ちなみに、大津いじめ自殺事件について、スピリチュアル系の方、
それもちゃんと霊視もセッションもやるプロ(というかそれで飯食ってる系の方)が、
何を書いてるのかな、と探してみたことがあった。
これ、前も同じ事してるんだけどなぁ・・・
・・・山口県光市母子殺害事件差戻上告審判決が出た時。
あの時は、スピ・カウンセラーの記事に憤ったけど、今度はどうだろう。


案の定というか予想通りというか、
「いじめ」問題に対し、スピリチュアルは何の解決も、何の光も与えてはくれていない。
一応、「過去世の問題がある」とか、まぁ霊視をすれば、いじめられる原因が分かるらしいのだが、
それよりも何よりも必要なのは、どうしたらいじめをSTOPできるかという有効打だろう。
そして見切った。
別に、いじめ問題に限らず、
スピリチュアルは、「今、ここにある危機」に対して無力である。
漠然とした将来の不安感、切迫感、過去のトラウマ、こだわり、哀しみ、無力感、絶望感、人生迷路に入った時のそうした感覚に対しては有効であっても、
今、この人から殺されるかもしれない。

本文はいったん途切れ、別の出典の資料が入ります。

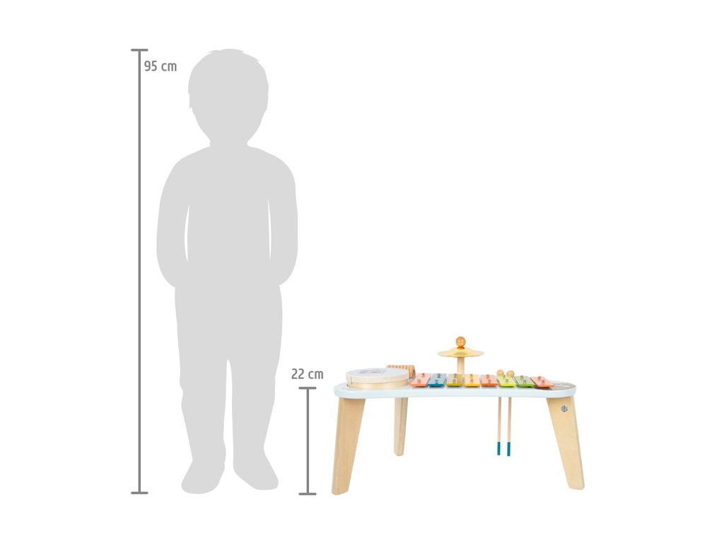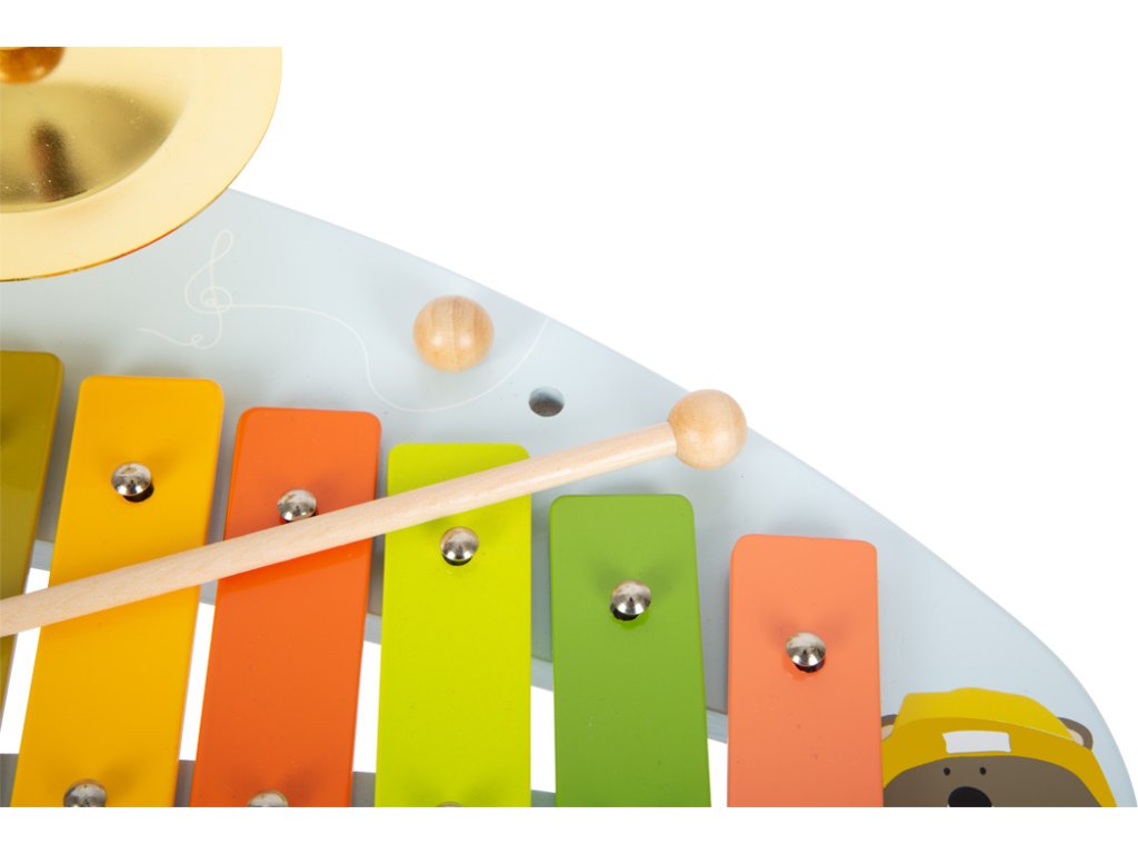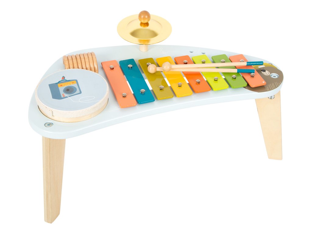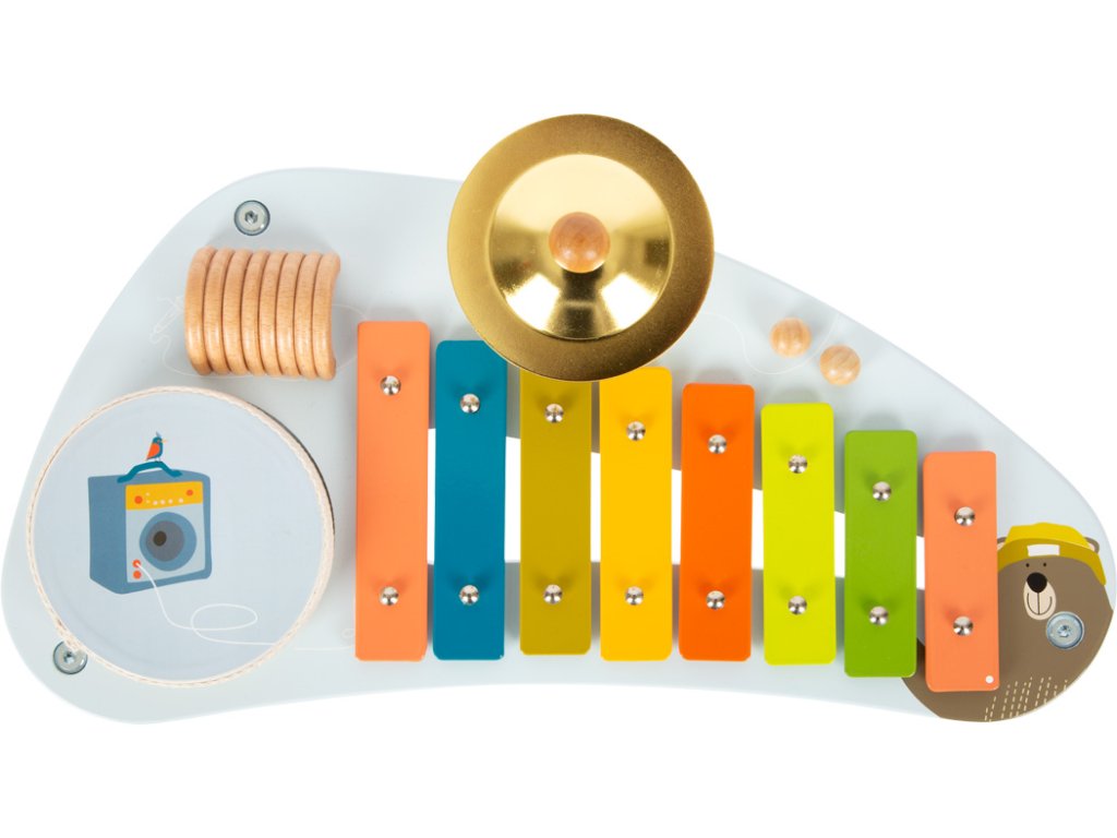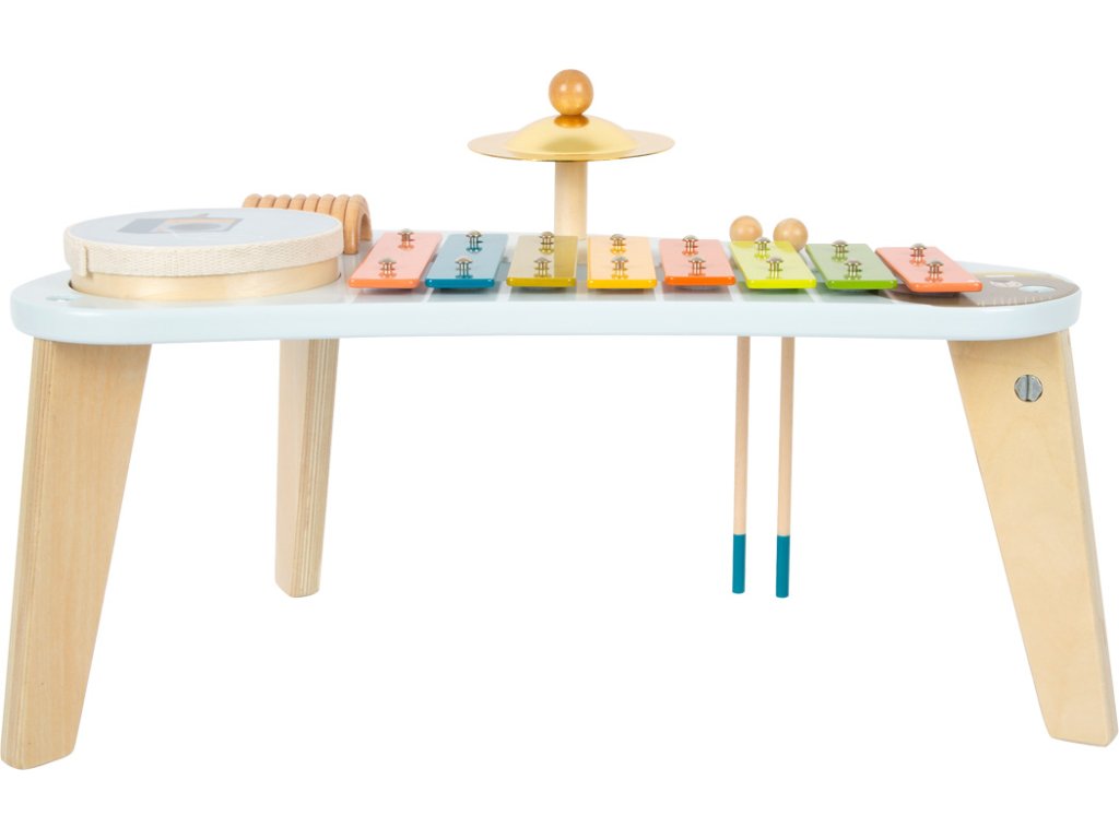 Medvěd Bruno vytváří hudbu! Tento robustně zkonstruovaný hudební stoleček stojí na třech nohách a povzbuzuje děti, aby hrály na různé nástroje a objevovaly nové zvuky s činely, xylofonem, chrastítkem a odnímatelným bubnem. Klapky xylofonu jsou barevně odlišeny, takže první písničky jsou pro děti snadné! Dodává se s robustními paličkami z masivního dřeva a notami. Je to spousta motivující hudby a zábavné učení! Vizuálně tento hudební a zvukový stoleček vyniká svým veselým designem a harmonickou kombinací přírodního dřeva a moderních modrých barev! Kromě nácviku akustického vnímání tento nástroj hravě trénuje i smysl pro rytmus, rytmiku a první porozumění hudebním tónům. Hlavní vlastnosti: Rozvíjí jemnou motoriku a kreativituHravý úvod do světa zvuku a rytmuKlapky xylofonu vydávají odlišné tónyStoleček vše v jednom

今すぐに死ぬしかない。敵は自分じゃないんだ。敵は、自分以外にある。
そんな「今現実に存在する危機」に対しては無効なんだな。



なんでもかんでも、自分に問題があるんじゃないんだぞ。

なんでもかんでも、自分の意識さえ変えれば世界が変わるわけじゃないんだぞ。

自分に問題があると思ってる人には、スピリチュアルは有効だが、

そうではない場合は、ただの戯言にしか聞こえないんだ。